* **Task to carry out**
Please output exactly the lines from the one containing "Met gleuf. Uit" through the end of the records below, leaving out any pictures.

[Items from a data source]

--- --- ---

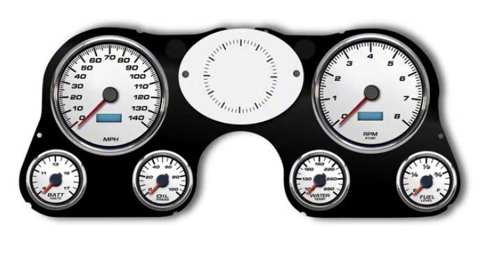 1967-1972 Chevrolet Truck New Vintage USA 6 Gauge Performance II Series Package - 140 MPH Programmable Speedometer with Tachometer, Oil Pressure, Water Temp, Fuel and Volt Meter - White
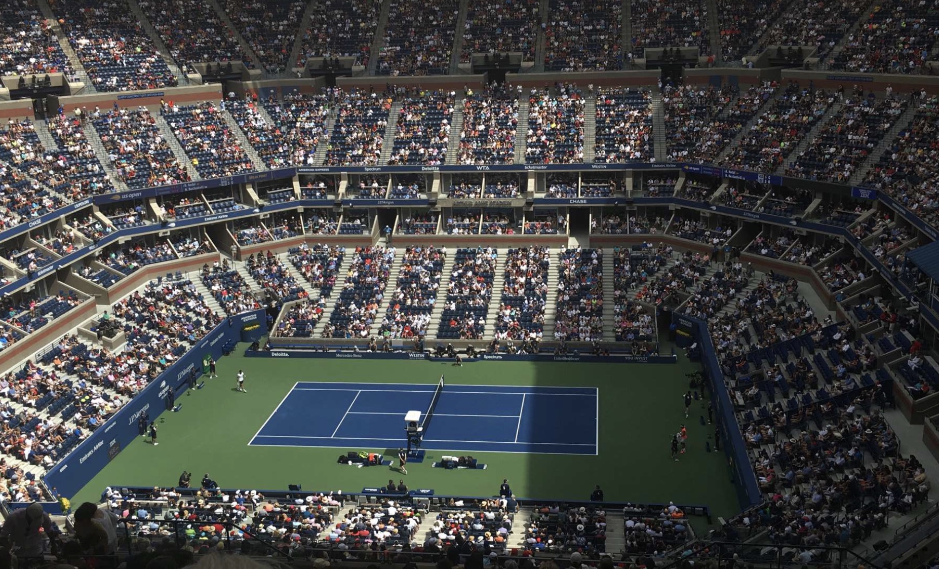 As the match wrapped up, the bigger matches were beginning in Arthur Ashe stadium, with Nadal playing first, followed by Serena Williams.
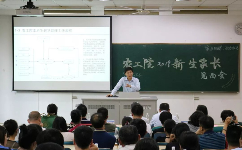 8月24日,农业工程学院2019级新生家长会在江宁致用楼120举行。学院院长李同春、院党委书记陈毓陵、院党委副书记郑润、院长助理陈丹、2019级(1)班班导师张洁、(2)班班导师蒋元勋、(3)班班导师卫琦、(4)班班导师董姝楠、院团委书记、2019级辅导员薛璟以及2019级全体新生家长参加了会议。家长会由院党委副书记郑润主持。
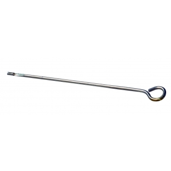 Met gleuf. Uit koper vervaardigd, dus roestvrij. Fijn model voor snel onthaken
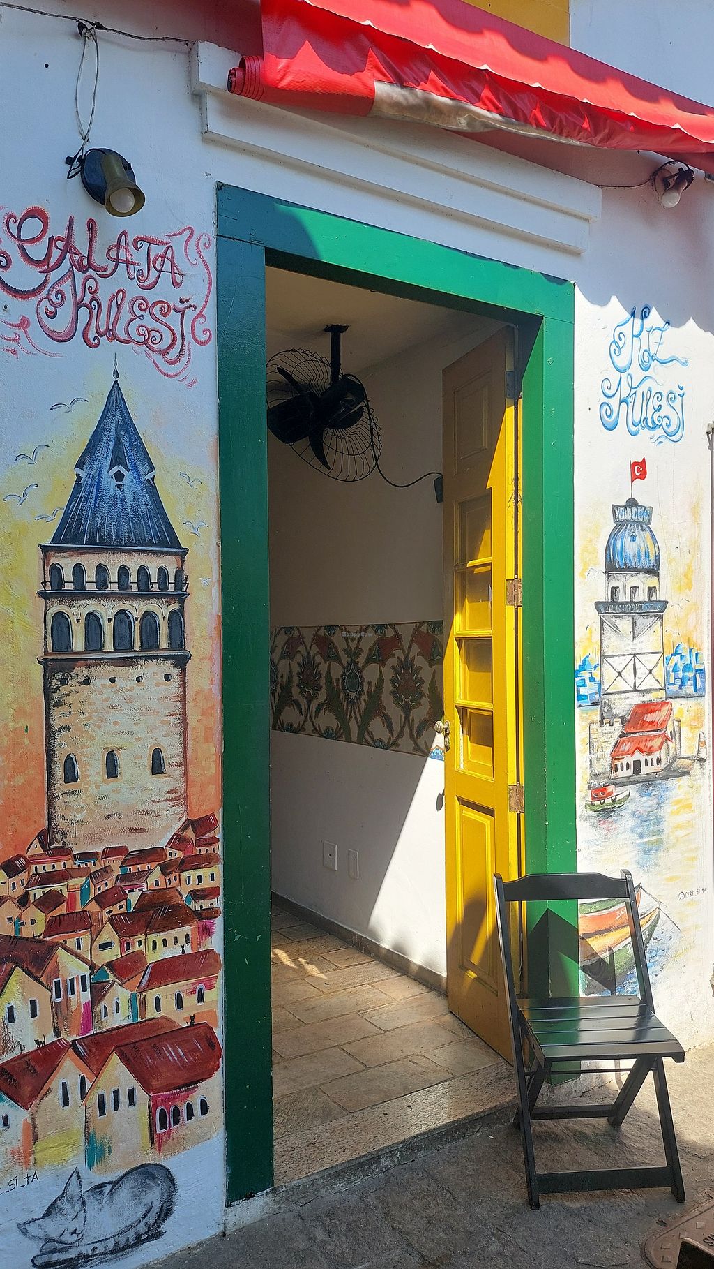 Auf den ersten Blick sah das Restaurant nicht so einladend aus, da so gut wie niemand drinnen saß. Wir saßen draußen, und dort war es wirklich schön, z.B., weil an den Außenwänden des Restaurants Bilder von Orten in Istanbul gemalt waren. Die Bedienung war auch sehr freundlich, und wir haben ein kostenloses veganes Baklava bekommen. Es war zwar nicht soo gut, aber trotzdem war es eine sehr nette Geste. Das Essen war gut, vor allem wenn man die anderen Restaurants in Paraty berücksichtigt, die leider nicht so gut sind. Im Gegensatz zu den Restaurants, in denen wir dort waren, ist es hier wirklich sehr lecker gewesen. Insgesamt war es wirklich ein sehr netter Besuch, und wir sind sogar am nächsten Tag nochmal wiedergekommen.

--- --- ---

* **Response to this task**
 Met gleuf. Uit koper vervaardigd, dus roestvrij. Fijn model voor snel onthaken
 Auf den ersten Blick sah das Restaurant nicht so einladend aus, da so gut wie niemand drinnen saß. Wir saßen draußen, und dort war es wirklich schön, z.B., weil an den Außenwänden des Restaurants Bilder von Orten in Istanbul gemalt waren. Die Bedienung war auch sehr freundlich, und wir haben ein kostenloses veganes Baklava bekommen. Es war zwar nicht soo gut, aber trotzdem war es eine sehr nette Geste. Das Essen war gut, vor allem wenn man die anderen Restaurants in Paraty berücksichtigt, die leider nicht so gut sind. Im Gegensatz zu den Restaurants, in denen wir dort waren, ist es hier wirklich sehr lecker gewesen. Insgesamt war es wirklich ein sehr netter Besuch, und wir sind sogar am nächsten Tag nochmal wiedergekommen.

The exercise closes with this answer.